Should pictures appear among the records, leave them out, and copy exactly only the lines from the first through the one with "PIRATEN laden zum", inclusive.

[DATA FOR THIS TASK]
-------------------------

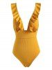 Ruffle Lace up Textured Ribbed One piece Swimsuit
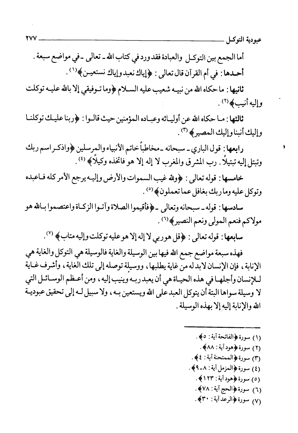 وأما الجمع بين التوكل والإسلام: فمثل قوله تعالى: {وَقَالَ مُوسَى يَا قَوْمِ إِنْ كُنْتُمْ آمَنْتُمْ بِاللهِ فَعَلَيْهِ تَوَكَّلُوا إِنْ كُنْتُمْ مُسْلِمِينَ} 4.
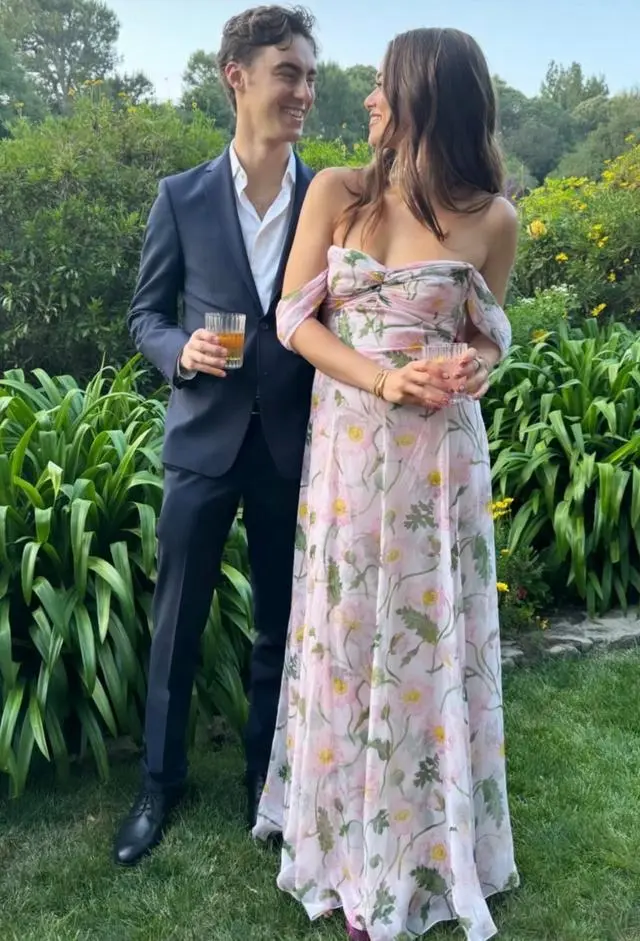 鄧文迪的大女兒和高富帥男朋友也來(lái)了,只見(jiàn)她女兒同樣穿鮮花類禮服,男朋友則西裝革履,還蠻般配的。
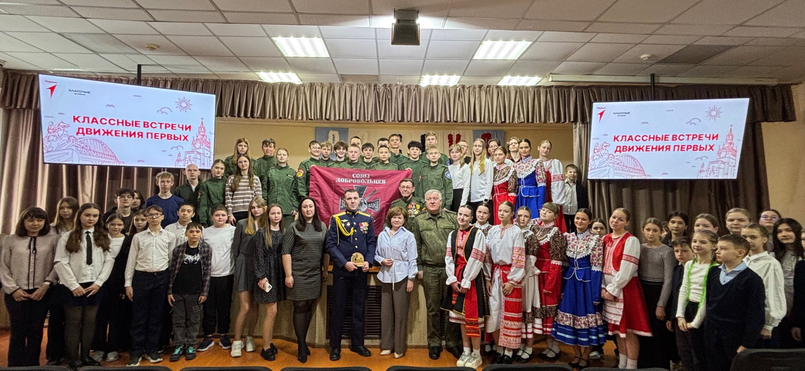 В Еткульской школе в рамках проекта «Классные встречи» Движения Первых прошла значимая встреча.Учащиеся встретились с участниками специальной военной операции и ветеранами боевых действий.
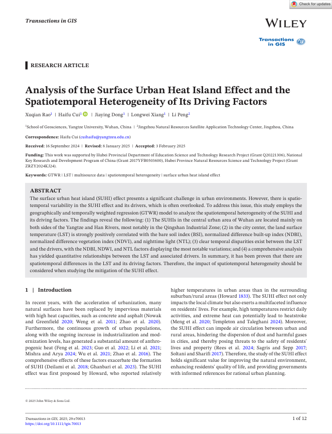 近日,bevitor伟德地理信息科学专业2022级本科生饶旭乾在中科院三区期刊《Transactions in GIS》(IF=2.1)发表题为“Analysis of the Surface Urban Heat Island Effect and the Spatiotemporal Heterogeneity of Its Driving Factors”的研究论文。bevitor伟德为论文第一署名单位,本科生饶旭乾为论文第一作者,其导师崔海福博士为通讯作者。
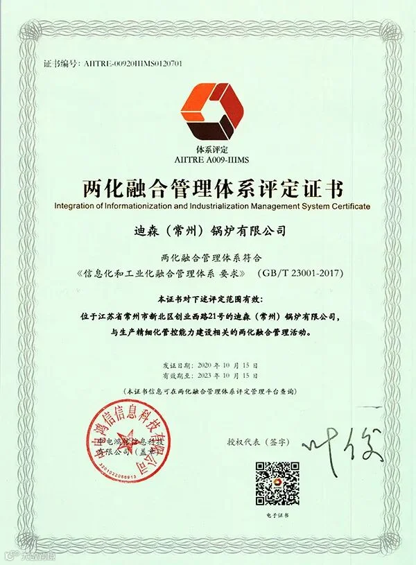 导读:10月29日,从两化融合管理体系评定管理平台获悉,经过15个工作日的公示,迪森(常州)锅炉有限公司正式通过两化融合管理体系贯标认证,并获得了证书。
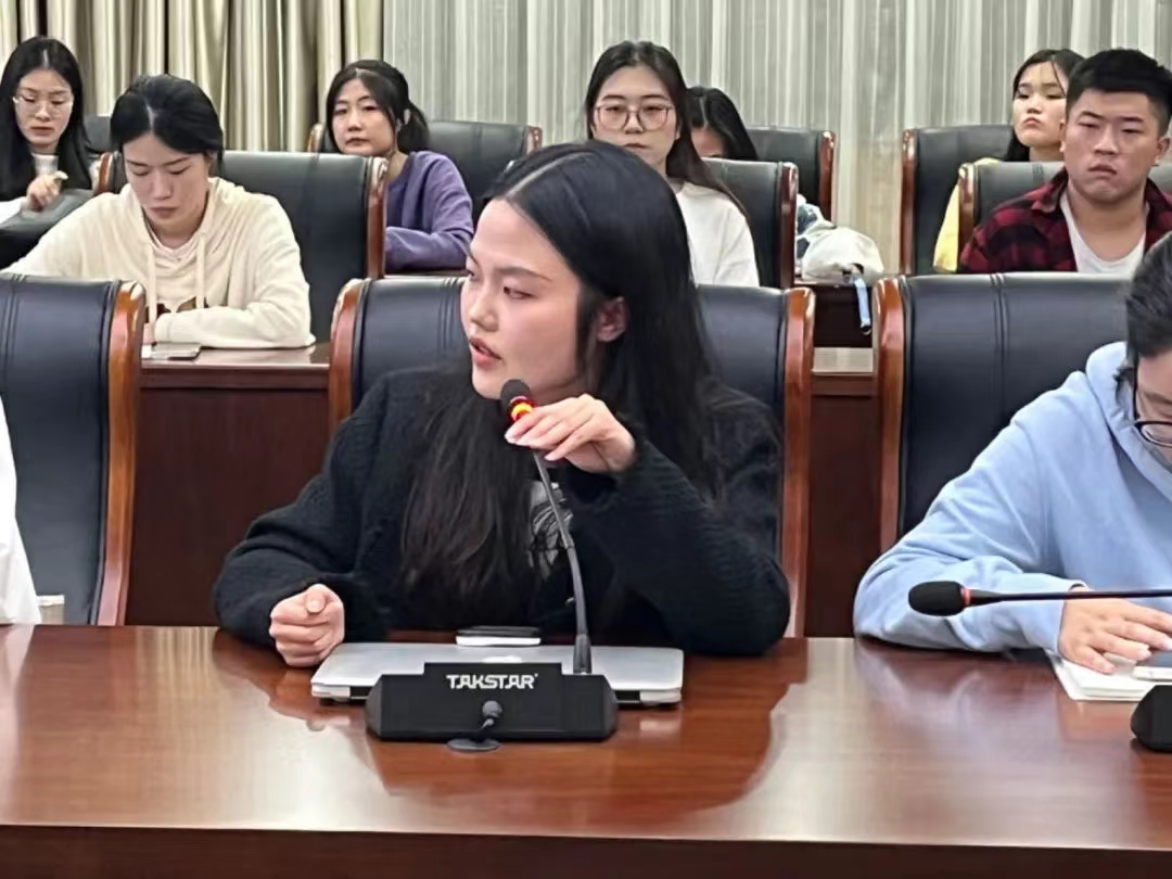 研究生团总支原副书记李文杰、实践部原负责人刘埸淇、第十一届研究生会主席团成员张羽馨、尹训璞以及第十一届研究生会学术部负责人郭吕龙依次发言,对新加入的同学表示了欢迎。他们根据自身的工作经历,带大家回顾了研会去年的工作成果,做出了具体分析,并从不同角度分享了自己的学生工作心得。
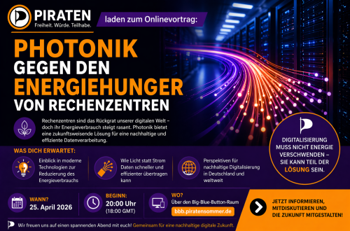 PIRATEN laden zum Onlinevortrag: Photonik gegen den Energiehunger von Rechenzentren. Der Vortrag findet am 25. April 2026, ab 20:00 Uhr (18:00 GMT) statt. Über den Big‑Blue‑Button‑Raum unter bbb.piratensommer.de gelangt man zum Vortrag.
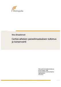 Opinnäytetyön kohteena oli tammipaneelille öljyvärein maalattu maalaus, jonka aiheena on lähimmäisenrakkauden hyveen allegoria eli Caritas. Maalauksen taiteilijaa ja ajoitusta ei tunneta. Maalauksen kunto oli kohtalainen. Irtoavia maalikerroksia ei juuri ollut, mutta pääasiassa käsittelystä johtuneita aikaisempia vaurioita oli restauroitu huolimattomasti ja lakka oli epätasainen. Paneelissa oli jonkin verran rakenteellisia vaurioita.

-------------------------

[SOLUTION TO THIS PROBLEM]
 Ruffle Lace up Textured Ribbed One piece Swimsuit
 وأما الجمع بين التوكل والإسلام: فمثل قوله تعالى: {وَقَالَ مُوسَى يَا قَوْمِ إِنْ كُنْتُمْ آمَنْتُمْ بِاللهِ فَعَلَيْهِ تَوَكَّلُوا إِنْ كُنْتُمْ مُسْلِمِينَ} 4.
 鄧文迪的大女兒和高富帥男朋友也來(lái)了,只見(jiàn)她女兒同樣穿鮮花類禮服,男朋友則西裝革履,還蠻般配的。
 В Еткульской школе в рамках проекта «Классные встречи» Движения Первых прошла значимая встреча.Учащиеся встретились с участниками специальной военной операции и ветеранами боевых действий.
 近日,bevitor伟德地理信息科学专业2022级本科生饶旭乾在中科院三区期刊《Transactions in GIS》(IF=2.1)发表题为“Analysis of the Surface Urban Heat Island Effect and the Spatiotemporal Heterogeneity of Its Driving Factors”的研究论文。bevitor伟德为论文第一署名单位,本科生饶旭乾为论文第一作者,其导师崔海福博士为通讯作者。
 导读:10月29日,从两化融合管理体系评定管理平台获悉,经过15个工作日的公示,迪森(常州)锅炉有限公司正式通过两化融合管理体系贯标认证,并获得了证书。
 研究生团总支原副书记李文杰、实践部原负责人刘埸淇、第十一届研究生会主席团成员张羽馨、尹训璞以及第十一届研究生会学术部负责人郭吕龙依次发言,对新加入的同学表示了欢迎。他们根据自身的工作经历,带大家回顾了研会去年的工作成果,做出了具体分析,并从不同角度分享了自己的学生工作心得。
 PIRATEN laden zum Onlinevortrag: Photonik gegen den Energiehunger von Rechenzentren. Der Vortrag findet am 25. April 2026, ab 20:00 Uhr (18:00 GMT) statt. Über den Big‑Blue‑Button‑Raum unter bbb.piratensommer.de gelangt man zum Vortrag.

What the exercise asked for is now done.